State governments also reacted. In 2017, facing its own voters’ discontent at rising prices, the New South Wales government struck agreements to accelerate local gas development (such as the Narrabri CSG project proposed by Santos) in exchange for federal support on energy infrastructure. The Narrabri Gas Project became a test case: initially proposed in 2014, it only won state approval in late 2020 after years of protracted environmental assessments and community opposition.
The independent planning commission attached an extraordinary 134 conditions to the approval, requiring phased compliance at each stage. Both federal and state Coalition governments had openly backed Narrabri as key to boosting supply (the project was touted as capable of supplying up to 50% of NSW’s gas demand). Critics alleged political pressure played a role in pushing it through despite environmental concerns. The Narrabri saga exemplifies how government’s desire to increase gas supply (for energy security and regional jobs) ran up against environmental regulation and public opposition — resulting in delays and onerous conditions that even after approval have meant the project has yet to deliver any gas by 2025. In effect, political will managed to get a green light for Narrabri, but only by imposing measures that likely increased costs and uncertainty for the developer.
Meanwhile, the WA domestic gas reservation policy proved its worth during the 2010s. While east coast prices soared with LNG exports, Western Australia — which was simultaneously exporting huge volumes of LNG from new projects like Gorgon and Wheatstone — saw its domestic gas prices remain relatively stable and low. Analyses by the Reserve Bank of Australia found that WA gas prices stayed roughly 50% below east coast levels and did not track international price spikes, thanks to the state’s policy insulating the local market. Industrial users in WA enjoyed gas around $5–6/GJ even as their eastern counterparts struggled with $10+ quotes.

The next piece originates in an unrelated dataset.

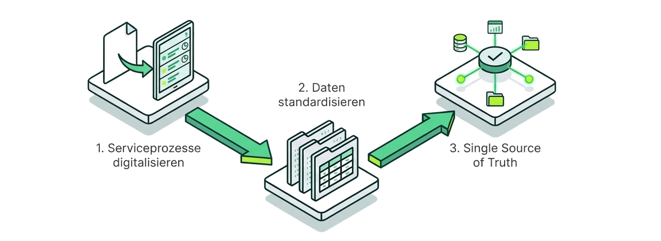 Planung, Durchführung und Dokumentation von Serviceeinsätzen laufen in einer gemeinsamen Systemarchitektur zusammen. Damit entsteht eine durchgängige Prozesskette – und eine Datenbasis, auf der KI-Funktionen später gezielt und wirtschaftlich eingesetzt werden können.

This contrast was not lost in the national debate. Critics of east coast policy argued that if a modest reservation had been in place or if CSG development in southern states had been facilitated rather than banned, the domestic market squeeze might have been avoided. Proponents of free markets countered that WA’s situation was unique (an isolated market with abundant gas) and cautioned that imposing reservation on east coast projects after investment decisions would undermine Australia’s sovereign risk profile. Government correspondence released in 2018 showed intense lobbying by industry against any retrospective reservation, and federal ministers publicly affirmed respect for contracts already signed.
Political motivations during this period often reflected ideology colliding with reality. The Coalition (Liberal-National) governments (2013–2022) were philosophically aligned with resource development and minimising intervention. Yet they found themselves adopting interventionist tools — like the ADGSM export control — out of electoral pragmatism when high gas and electricity prices became a public outrage. State Labor governments, conversely, while more open to market intervention for social or environmental aims, had to confront the economic consequences of restricting gas supply. For example, the new Labor government in Western Australia in 2017 briefly instated a moratorium on fracking pending an inquiry (honouring an election promise to environmental constituencies), but lifted the ban on most of the state in 2018 when the inquiry found risks manageable — keeping in place a fracking ban only in the populated southwest and sensitive areas . This demonstrated a balance between ideology (environmental precaution) and fiscal/economic concerns (not shutting off a whole industry). In the Northern Territory, a Labor government similarly imposed a moratorium on shale gas fracking in 2016, only to lift it in 2018 after its scientific inquiry, given the significant economic opportunity in the Beetaloo Basin (and with plenty of regulatory caveats to show voters it was being done carefully). The common thread was that government interventions in the 2010s were often reactive — responding to short-term crises or political pressures — rather than long-term strategic planning, and this reactivity sometimes exacerbated industry uncertainty.
Crisis and controls in the 2020s
The early 2020s brought new pressure points that prompted even more direct government intervention in gas markets. The COVID-19 pandemic initially caused a slump in energy demand, but as the economy recovered — and especially after Russia’s invasion of Ukraine in 2022 — global energy prices skyrocketed. Australia, with its LNG exports now in full swing, saw domestic gas prices follow the international surge upward. By late 2022, spot gas prices in eastern Australia spiked to record highs (~$30–40/GJ in some instances) amid fear of shortages for the coming winter. This created a genuine energy affordability crisis for many Australian industries and households, and a political crisis for the new Albanese Labor Government (elected 2022) which had campaigned on easing cost-of-living pressures.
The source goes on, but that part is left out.